→ Records from a dataset:
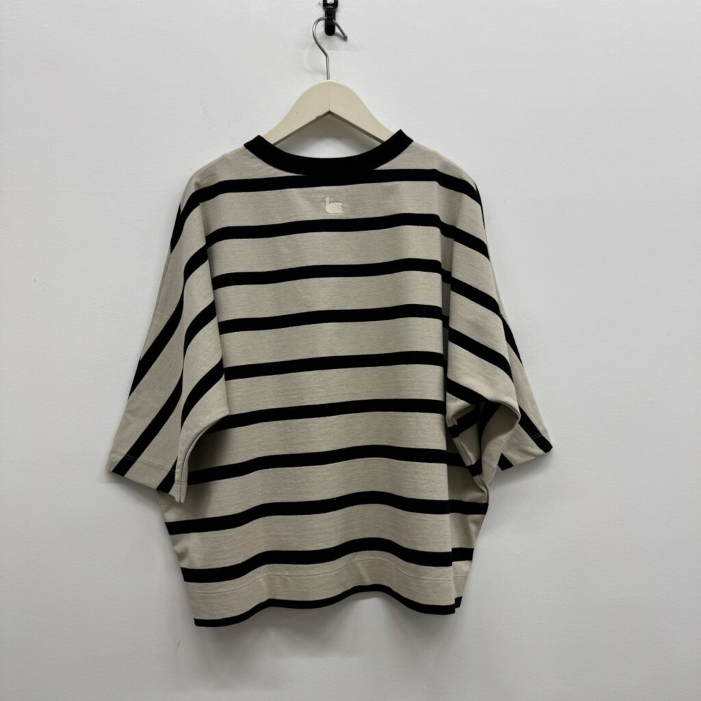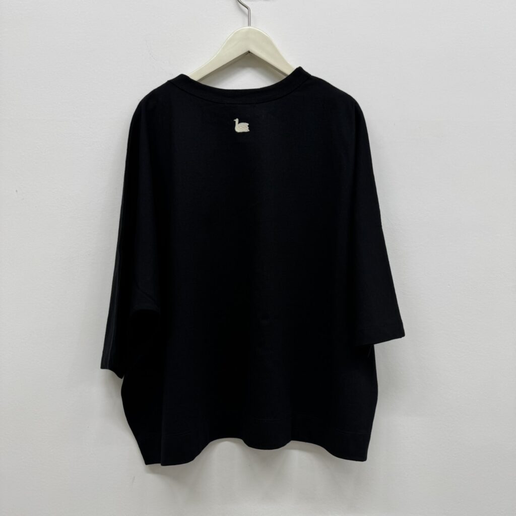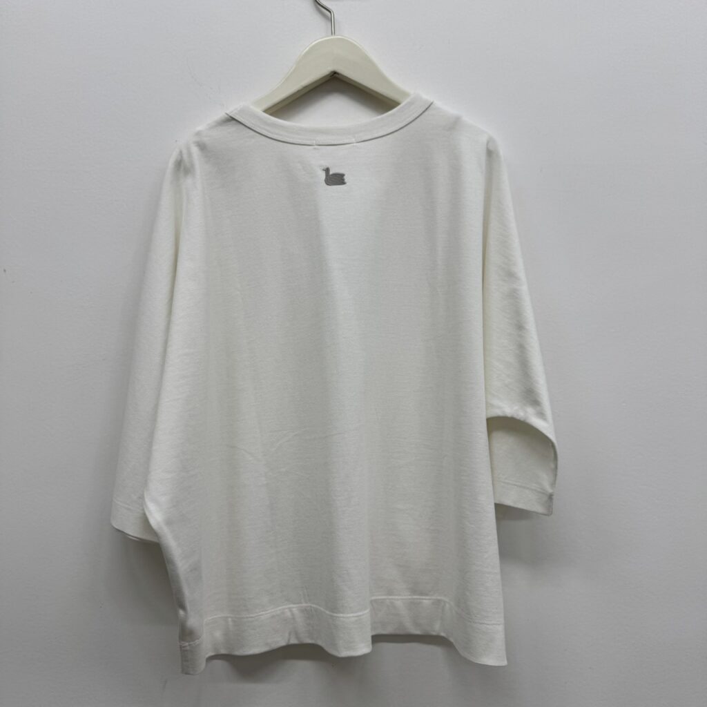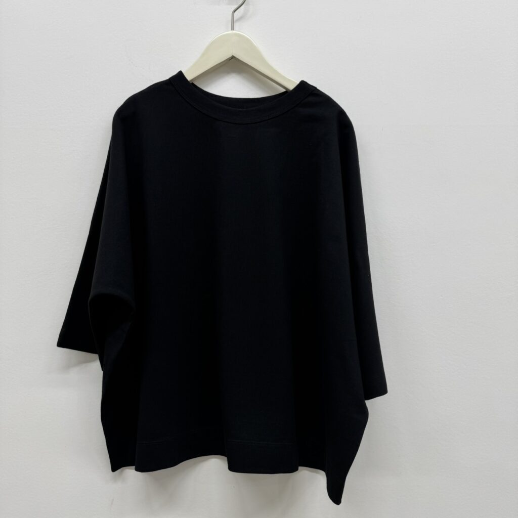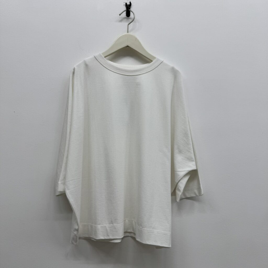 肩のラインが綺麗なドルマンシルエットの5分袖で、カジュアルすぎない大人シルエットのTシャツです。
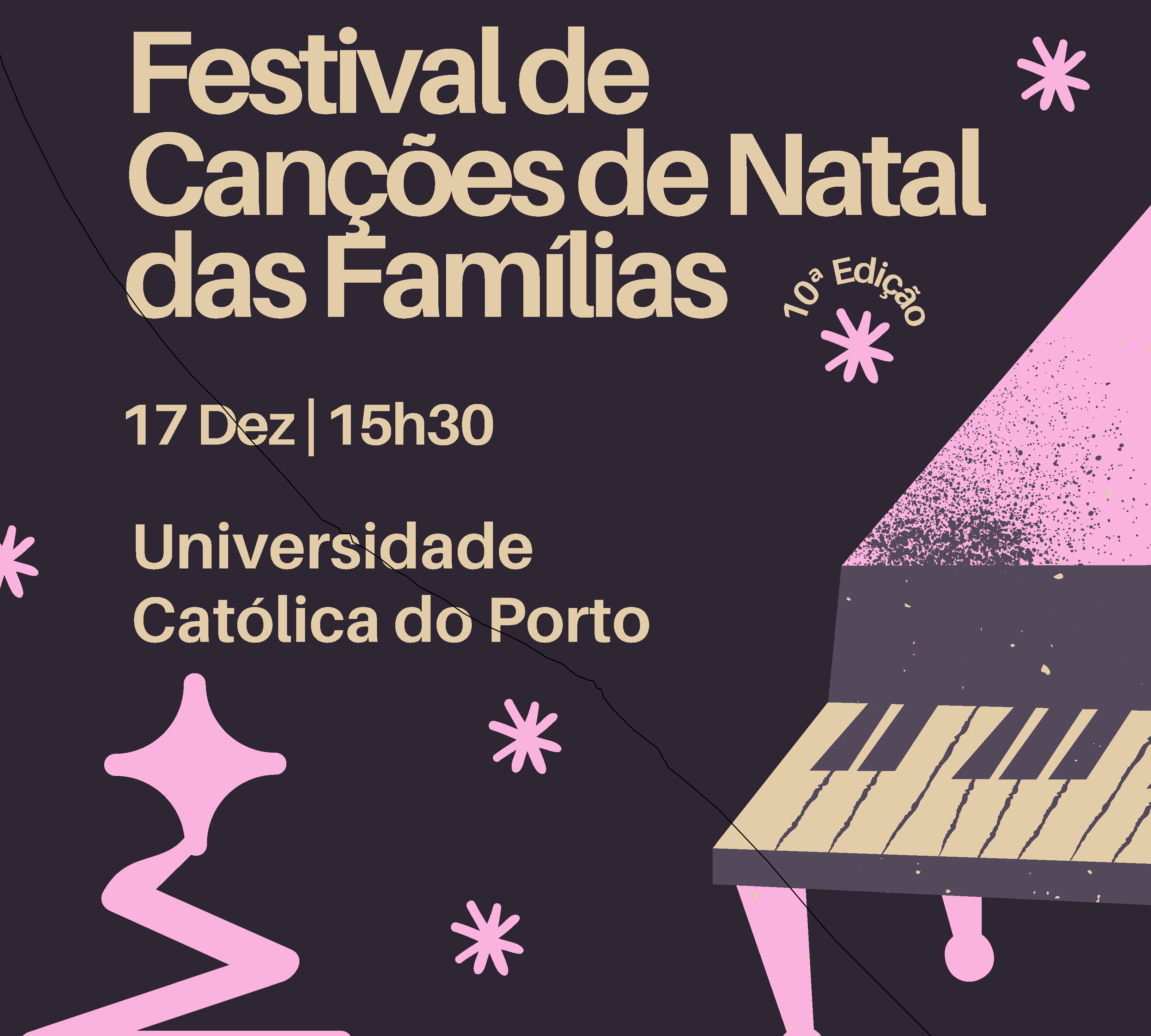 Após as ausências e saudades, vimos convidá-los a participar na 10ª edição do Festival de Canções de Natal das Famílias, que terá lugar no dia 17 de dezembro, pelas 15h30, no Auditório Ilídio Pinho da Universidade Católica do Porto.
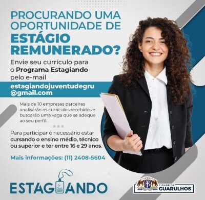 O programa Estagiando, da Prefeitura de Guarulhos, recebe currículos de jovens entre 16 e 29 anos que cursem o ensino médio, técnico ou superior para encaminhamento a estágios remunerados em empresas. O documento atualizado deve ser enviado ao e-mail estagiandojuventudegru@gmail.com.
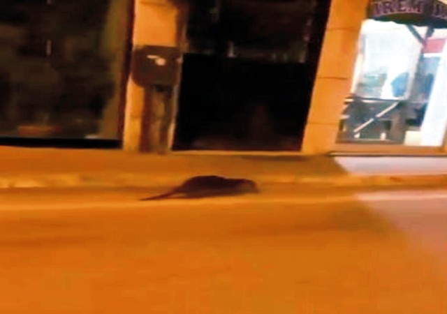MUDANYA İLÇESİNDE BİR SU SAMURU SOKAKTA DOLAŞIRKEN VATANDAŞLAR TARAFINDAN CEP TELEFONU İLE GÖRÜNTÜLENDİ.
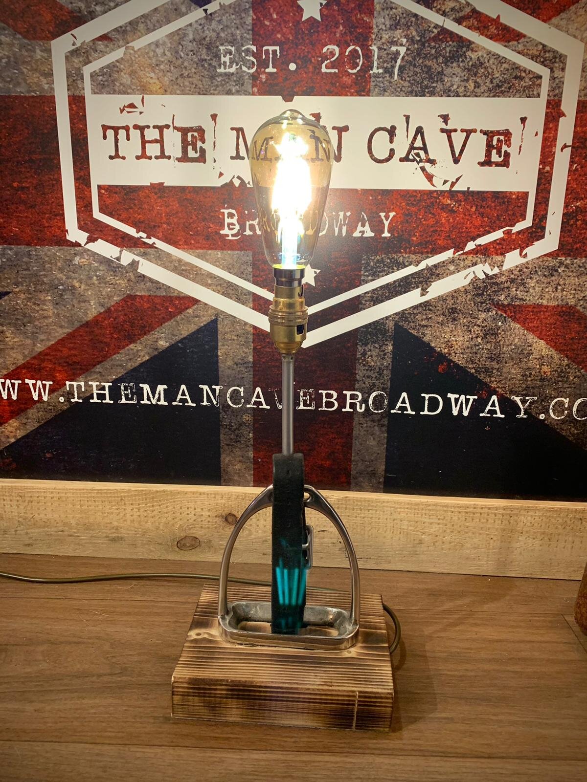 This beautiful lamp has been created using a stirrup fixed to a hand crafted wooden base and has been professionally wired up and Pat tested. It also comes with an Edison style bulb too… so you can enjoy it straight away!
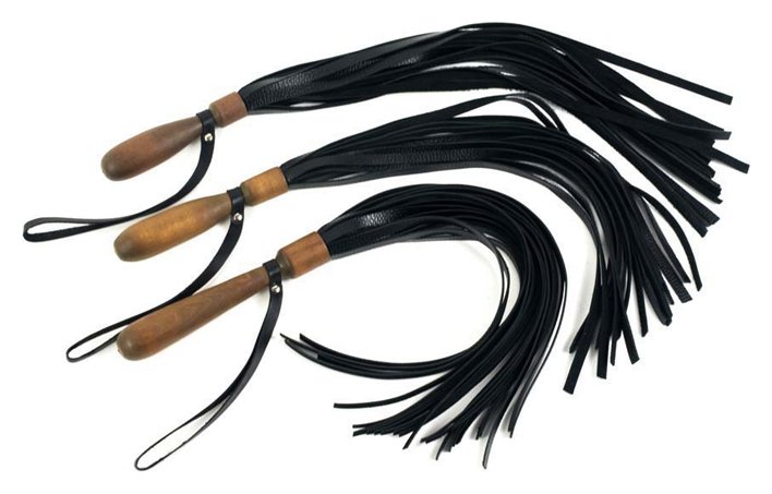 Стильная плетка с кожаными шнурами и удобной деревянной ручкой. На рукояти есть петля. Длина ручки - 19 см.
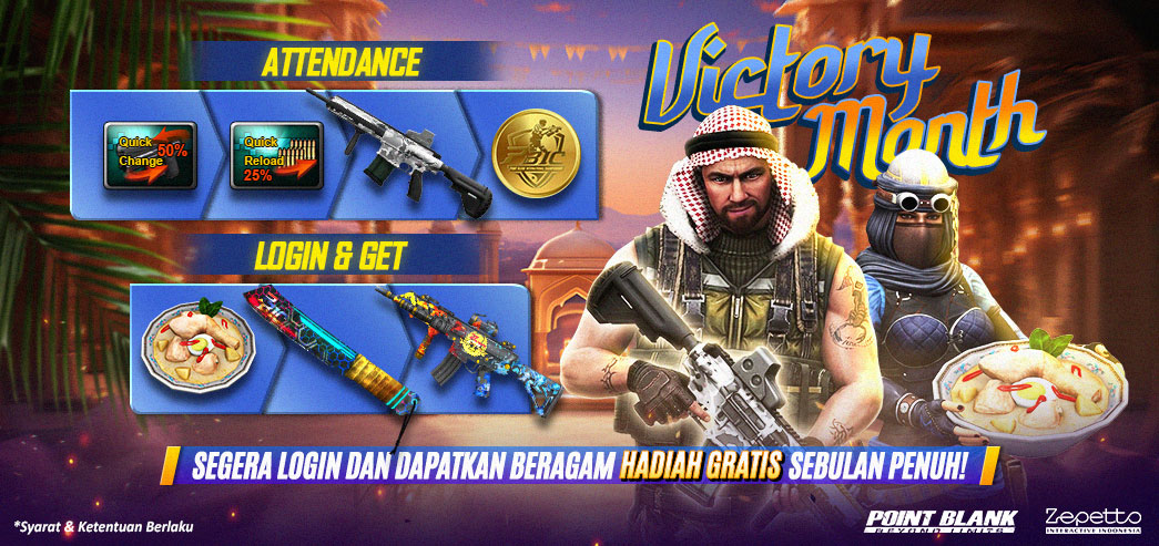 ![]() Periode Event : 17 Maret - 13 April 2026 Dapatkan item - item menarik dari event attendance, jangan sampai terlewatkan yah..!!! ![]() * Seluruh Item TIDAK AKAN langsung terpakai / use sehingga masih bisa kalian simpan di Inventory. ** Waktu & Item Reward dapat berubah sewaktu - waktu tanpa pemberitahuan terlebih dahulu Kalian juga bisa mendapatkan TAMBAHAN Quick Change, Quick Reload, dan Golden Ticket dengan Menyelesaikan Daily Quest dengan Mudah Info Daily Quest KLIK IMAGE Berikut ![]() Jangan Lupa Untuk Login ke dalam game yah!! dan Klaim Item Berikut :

→ What you will do:
All of the lines above must be repeated without alteration, though the pictures are to be excluded.

→ Final answer:
 肩のラインが綺麗なドルマンシルエットの5分袖で、カジュアルすぎない大人シルエットのTシャツです。
 Após as ausências e saudades, vimos convidá-los a participar na 10ª edição do Festival de Canções de Natal das Famílias, que terá lugar no dia 17 de dezembro, pelas 15h30, no Auditório Ilídio Pinho da Universidade Católica do Porto.
 O programa Estagiando, da Prefeitura de Guarulhos, recebe currículos de jovens entre 16 e 29 anos que cursem o ensino médio, técnico ou superior para encaminhamento a estágios remunerados em empresas. O documento atualizado deve ser enviado ao e-mail estagiandojuventudegru@gmail.com.
MUDANYA İLÇESİNDE BİR SU SAMURU SOKAKTA DOLAŞIRKEN VATANDAŞLAR TARAFINDAN CEP TELEFONU İLE GÖRÜNTÜLENDİ.
 This beautiful lamp has been created using a stirrup fixed to a hand crafted wooden base and has been professionally wired up and Pat tested. It also comes with an Edison style bulb too… so you can enjoy it straight away!
 Стильная плетка с кожаными шнурами и удобной деревянной ручкой. На рукояти есть петля. Длина ручки - 19 см.
 ![]() Periode Event : 17 Maret - 13 April 2026 Dapatkan item - item menarik dari event attendance, jangan sampai terlewatkan yah..!!! ![]() * Seluruh Item TIDAK AKAN langsung terpakai / use sehingga masih bisa kalian simpan di Inventory. ** Waktu & Item Reward dapat berubah sewaktu - waktu tanpa pemberitahuan terlebih dahulu Kalian juga bisa mendapatkan TAMBAHAN Quick Change, Quick Reload, dan Golden Ticket dengan Menyelesaikan Daily Quest dengan Mudah Info Daily Quest KLIK IMAGE Berikut ![]() Jangan Lupa Untuk Login ke dalam game yah!! dan Klaim Item Berikut :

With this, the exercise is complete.